64. Sharmila G, Muthukumaran C, Saraswathi H, Sangeetha E, Soundarya S, Kumar NM. Green synthesis, characterization and biological activity of nano-cerium oxide. Ceramics International 2019; 45(9): 12382-12386. doi:10.1016/j.ceramint.2019.03.164

65. Du Xu, Jiang De, Chen S, et al. CeO2 nanocrystals integrated nitrogen-doped graphene nanocomposites: one-pot method, rapid synthesis and excellent electrocatalytic activity for enzymatic biosensing.
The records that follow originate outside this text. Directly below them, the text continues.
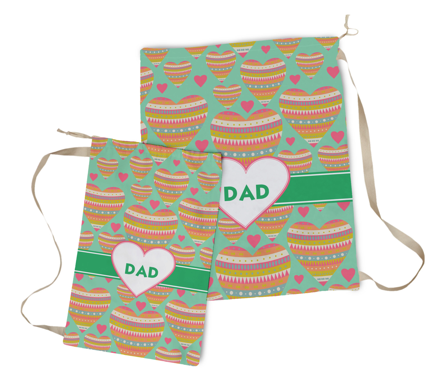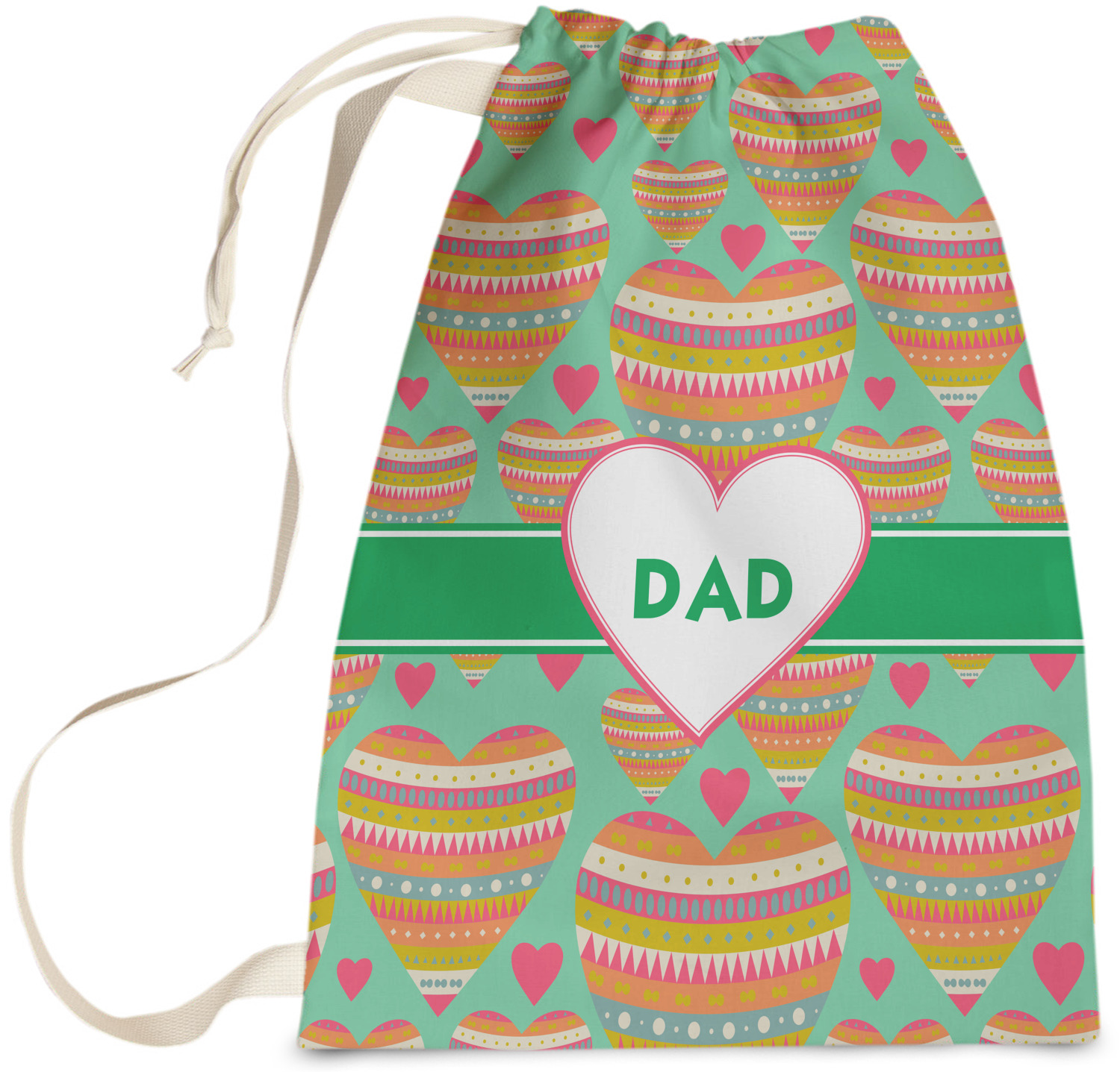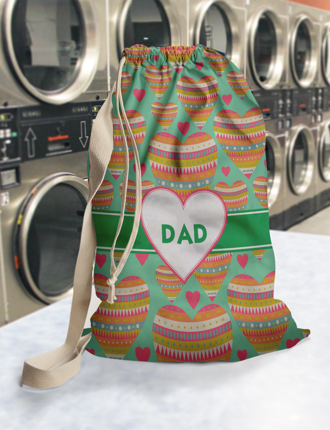 Carry your laundry in style with these customized laundry bags. Available in two sizes, featuring a natural colored woven strap and a cinch cord, these bags hold a lot of clothes or anything else you want to fit in them.
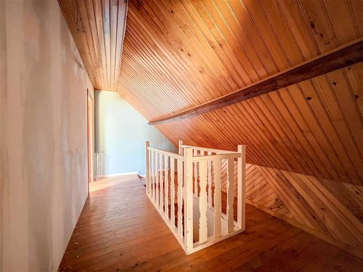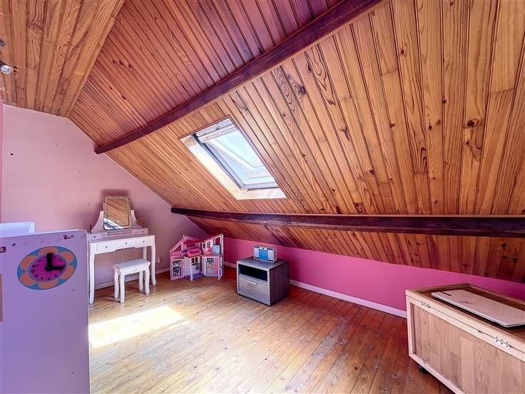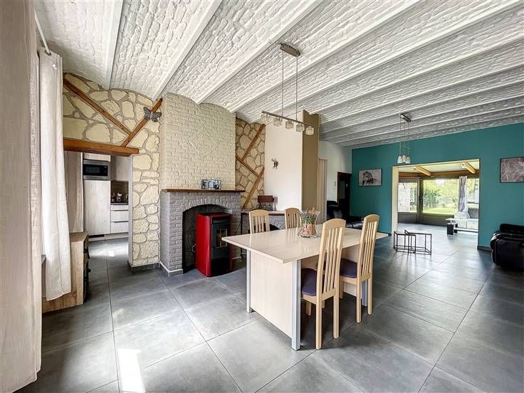 Rez: salle à manger, salon, cuisine équipée, véranda, salle de douche + buanderie, chambre, pièce débarras.
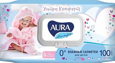 Салфетки влажные для детей с экстрактом алоэ и витамином Е с крышкой Aura Ultra Comfort 100шт доставка
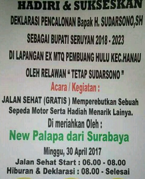 Lintas10.com (seruyan/kalteng) -Meskipun Pilkada Seruyan 2018 masih terbilang lama lagi, namun suasana persiapan jelang pagelaran 5 tahunan itu di Seruyan sudah mulai terasa. seperti yang akan berlangsung pada Minggu (30/4/2017) nanti, yang mana Sudarsono yang menjabat Ketua DPD Golkar Seruyan juga masih menjabat sebagai Bupati Kabupaten seruyan, akan melakukan deklarasi pencalonan dirinya kembali sebagai Bupati Seruyan periode 2018-2023. Deklarasi akan dilakukan oleh relawan yang mengatas namakan “tetap Sudarsono”.
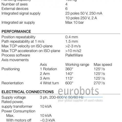 IRB 640是一款为码垛应用而优化的高速、强有力的机器人。拥有世界一流的节拍时间和160kg的搬运能力,这个4轴机器在码垛应用中会大大加快速度和提高效率。
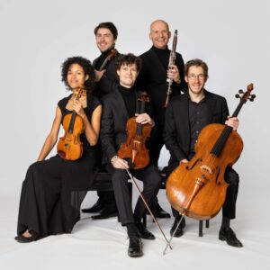 Nicolas Dupont, viool, Noémi Tiercet, viool, Sander Geerts, altviool, Sébastien Walnier, cello, Roeland Hendrikx, klarinet
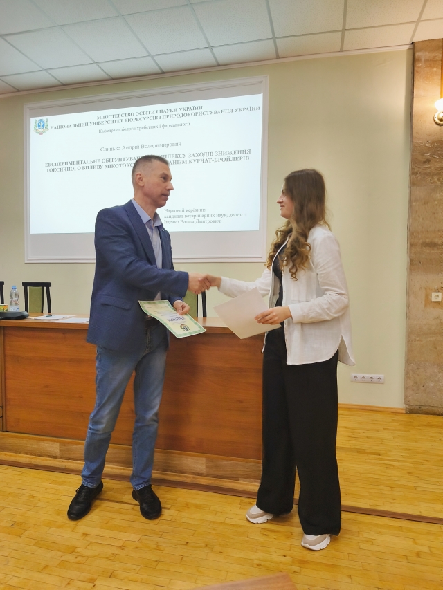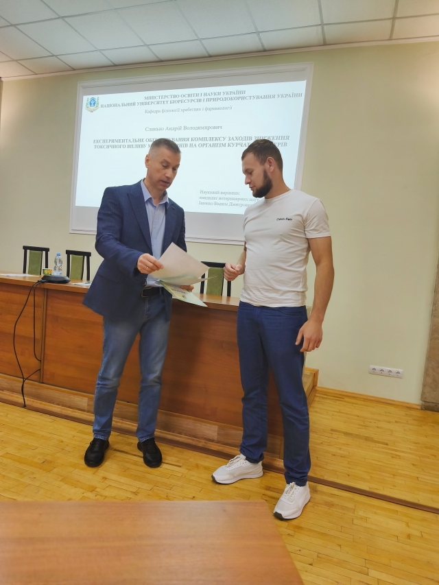 Наступним питанням був розгляд результатів дисертації здобувача наукового ступеня доктора філософії Андрія Слинька на тему: «Експериментальне обґрунтування комплексу заходів зниження токсичного впливу мікотоксинів на організм курчат-бройлерів».
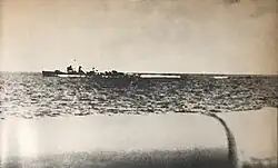 Shiranui was assigned to the IJN 9th Fleet, and escorted convoys to Palau, Wewak and Hollandia during January and February 1944. On 1 March, she was reassigned to the IJN 5th Fleet and was assigned to northern waters, making patrols from her base at Ominato Guard District in April, and returning with the cruisers Nachi and Ashigara to Kure at the start of August. During the Battle of Leyte Gulf on 24–25 October 1944, Shiranui was assigned to Vice Admiral Shōji Nishimura's diversionary force at the Battle of Surigao Strait, during which she fired torpedoes at the American fleet, but scored no hits, before assisting in chasing off PT boats with surface gunfire. After the battle, she departed Coron to search for the missing cruiser Kinu and destroyer Uranami, and took on survivors from the destroyer Hayashimo. On 27 October she was sunk with all hands by dive-bombers from the aircraft carrier USS Enterprise,[6] 80 miles (130 km) north of Iloilo, Panay (12°0′N 122°30′E / 12.000°N 122.500°E).[7]
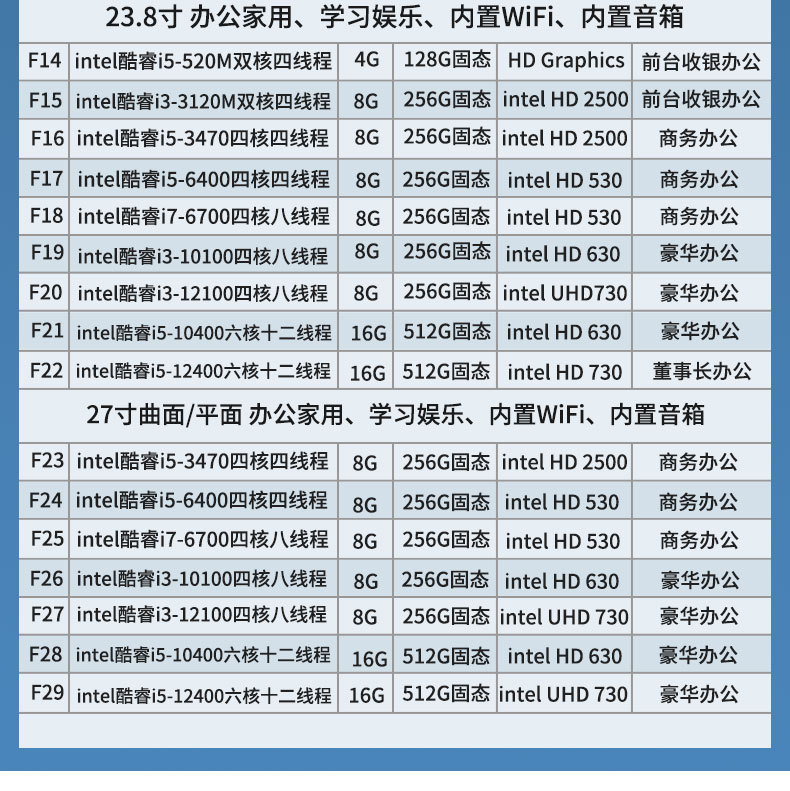 - F15套餐-23.8寸平面i3-3120M双核四线程/8G/256G

Biosens Bioelectronics. 2017; 89: 681-688. doi:10.1016/j.bios.2015.11.054

66. Senthilkumar RP, Bhuvaneshwari V, Ranjithkumar R, Sathiyavimal S, Malayaman V, Chandarshekar B. Synthesis, characterization and antibacterial activity of mixed chitosan-cerium oxide nanoparticles: as biological nanomaterials. Int J Biol Macromol. 2017; 104: 1746-1752. doi:10.1016/j.ijbiomac.2017.03.139

67. Shen C, Pang K, Du L, Luo G. Green synthesis and enhanced photocatalytic activity of Ce-doped TiO2 nanoparticles supported on porous glass. Micronology. 2017; 34: 103-109.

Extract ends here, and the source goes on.